ABOUT THIS EXERCISE:
Copy out the full data exactly as given; pictures should not be included.

::: SUPPLIED MATERIAL :::

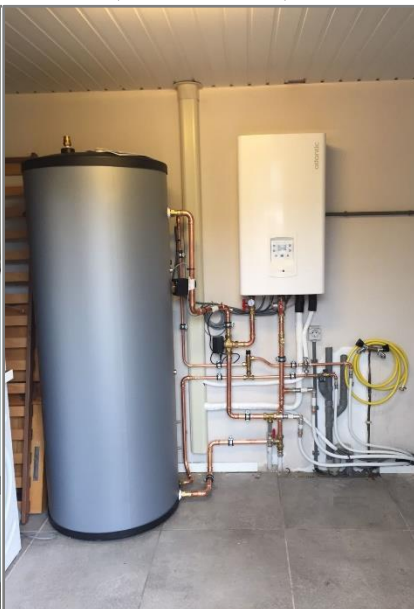
Techneco Loria Single (Stand alone)
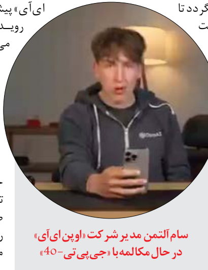
سام آلتمن مدیر شرکت «اوپن‌ای‌آی» در حال مکالمه با «جی‌پی‌تی-40»

تا حل مسئله صحبت می‌کند و از شما می‌پرسد اگر آهنگی آرام‌تان می‌کند اسمش را بگویند تا برای تان از تلویزیون یا اسپیکر پخش کند. بعد هم نور را کم می‌کند که تار سیدن غذای رژیمی، با شنیدن موزیک آرام شوید. شاید چیزی که مرور کردیم نیاز به هوشمند بودن تمام وسایل خانه، اتصال شارب به اینترنت پر سرعت و چند پیش‌نیاز دیگر داشته باشد اما عجیب‌دور از دسترس نیست. درست مثل فیلم‌هایی که روزگاری آن‌ها را در ژانر تخیلی دسته‌بندی می‌کردیم اما حالا بدیهی به نظر می‌رسند.
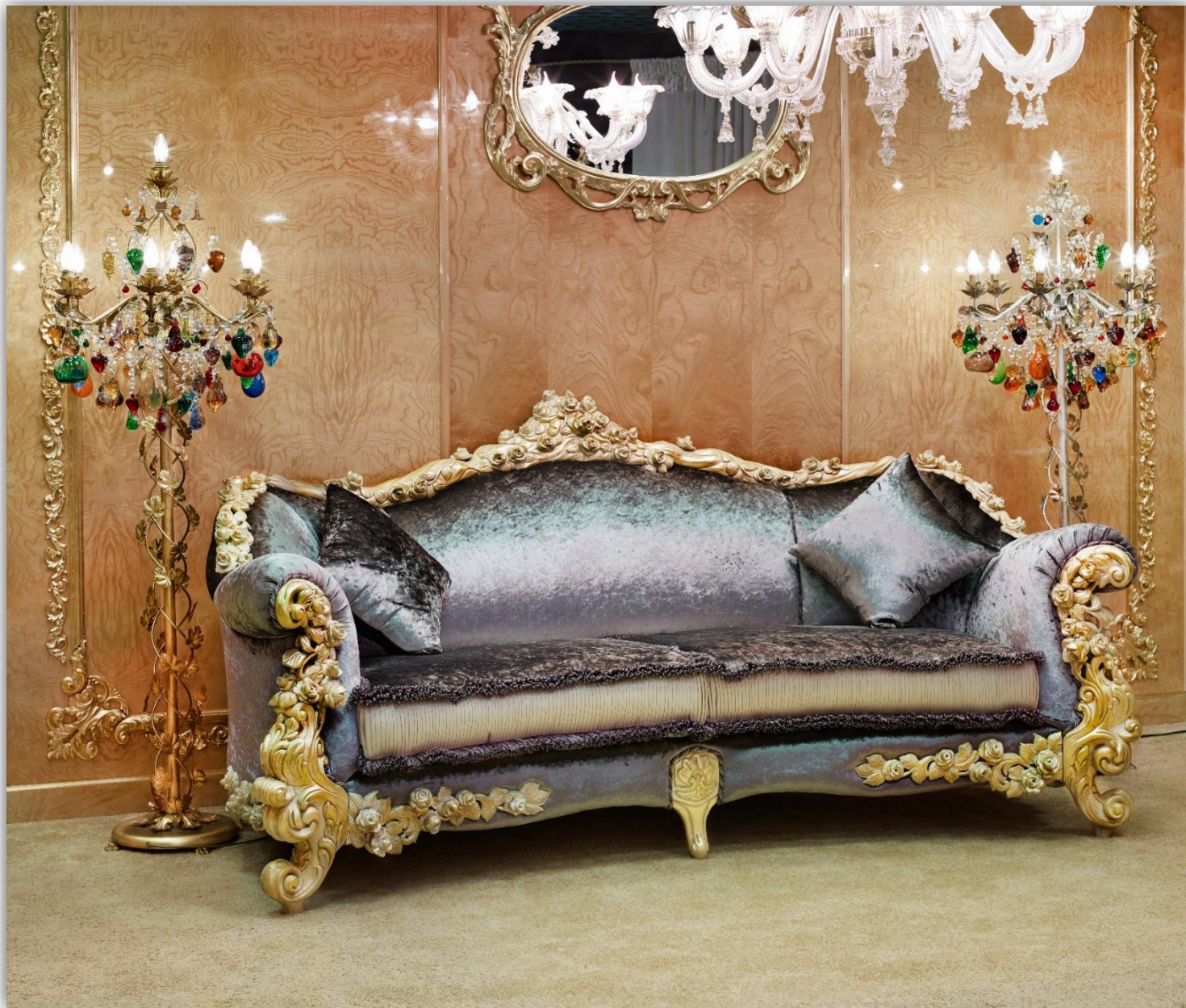
Колекция GOLDEN ROSES

:::

SOLUTION BELOW:
Techneco Loria Single (Stand alone)
سام آلتمن مدیر شرکت «اوپن‌ای‌آی» در حال مکالمه با «جی‌پی‌تی-40»

تا حل مسئله صحبت می‌کند و از شما می‌پرسد اگر آهنگی آرام‌تان می‌کند اسمش را بگویند تا برای تان از تلویزیون یا اسپیکر پخش کند. بعد هم نور را کم می‌کند که تار سیدن غذای رژیمی، با شنیدن موزیک آرام شوید. شاید چیزی که مرور کردیم نیاز به هوشمند بودن تمام وسایل خانه، اتصال شارب به اینترنت پر سرعت و چند پیش‌نیاز دیگر داشته باشد اما عجیب‌دور از دسترس نیست. درست مثل فیلم‌هایی که روزگاری آن‌ها را در ژانر تخیلی دسته‌بندی می‌کردیم اما حالا بدیهی به نظر می‌رسند.
Колекция GOLDEN ROSES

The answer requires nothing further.